Un temps de concertation a ensuite été organisé par quartier. En effet, une dynamique de débat par quartier sur les questions éducatives existe déjà dans le cadre du Projet éducatif local.
Cette concertation a fait l’objet d’une restitution collective transmise à chaque conseil d’école afin qu’ils puissent se prononcer sur l’organisation la plus pertinente.
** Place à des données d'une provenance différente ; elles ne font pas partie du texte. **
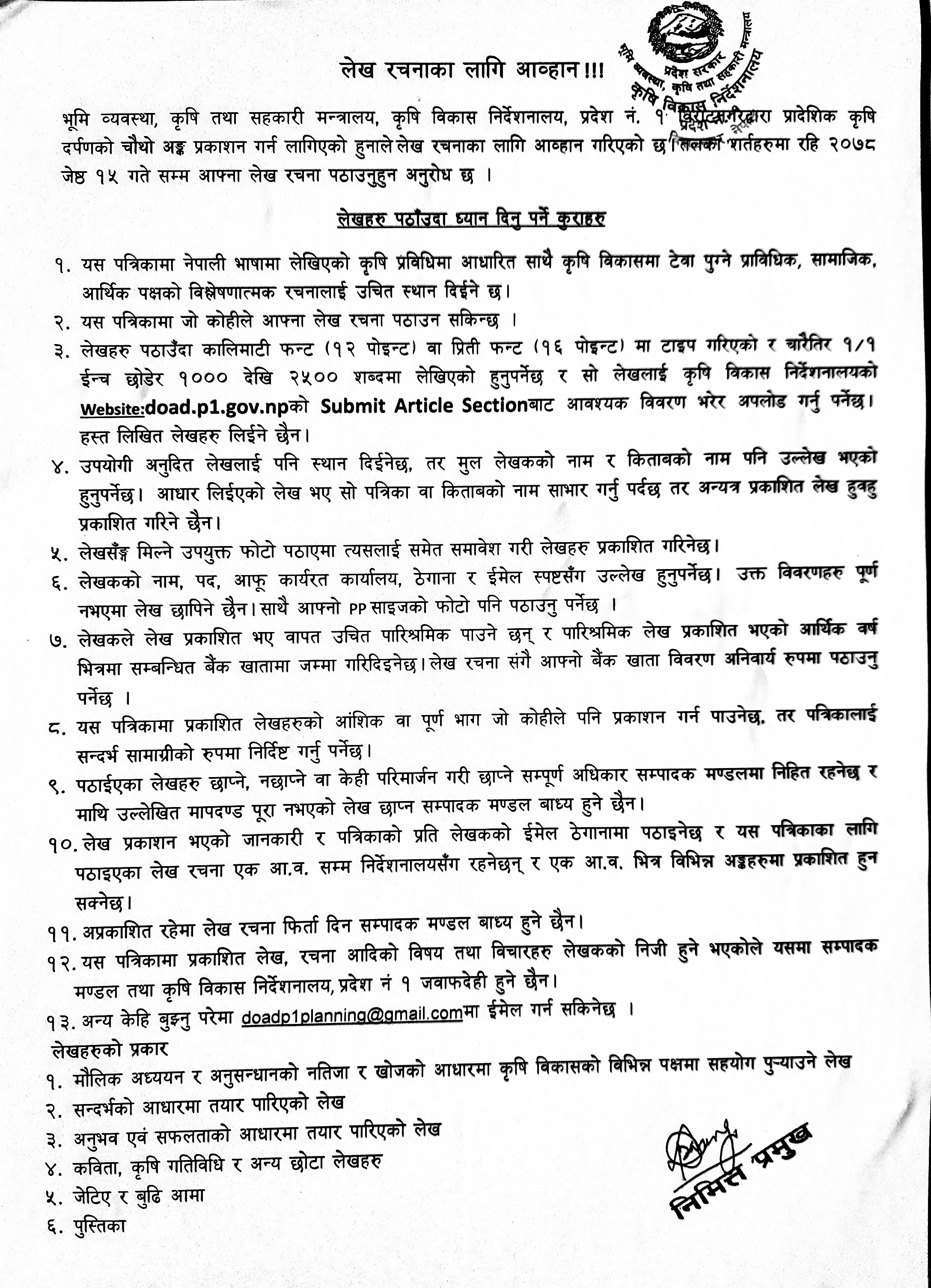 कृषि डायरी, 2078 छपाइ सम्बन्धी शिलबन्दी दरभाउपत्र आव्हान

Au printemps 2009, un bilan de la mise en place de la semaine à 4 jours a été effectué. À l’occasion de ce débat, plusieurs écoles ont fait connaitre leur intérêt à expérimenter un rythme différent, à 4 jours et demi, dès la rentrée 2009. Le maire de Brest a donc proposé, en accord avec l’Inspection d’académie, qu’une telle expérimentation ait lieu.
Les débats ont eu lieu dans chaque conseil d’école et l’école publique élémentaire Sanquer a été retenue comme site expérimental.
Cette expérimentation s’effectue en lien avec d’autres villes dans le cadre de l’Association des Maires des Grandes Villes de France, expérimentations qui font l’objet d’un partage d’expérience et d’un projet d’évaluation collective à l’initiative des différentes villes impliquées.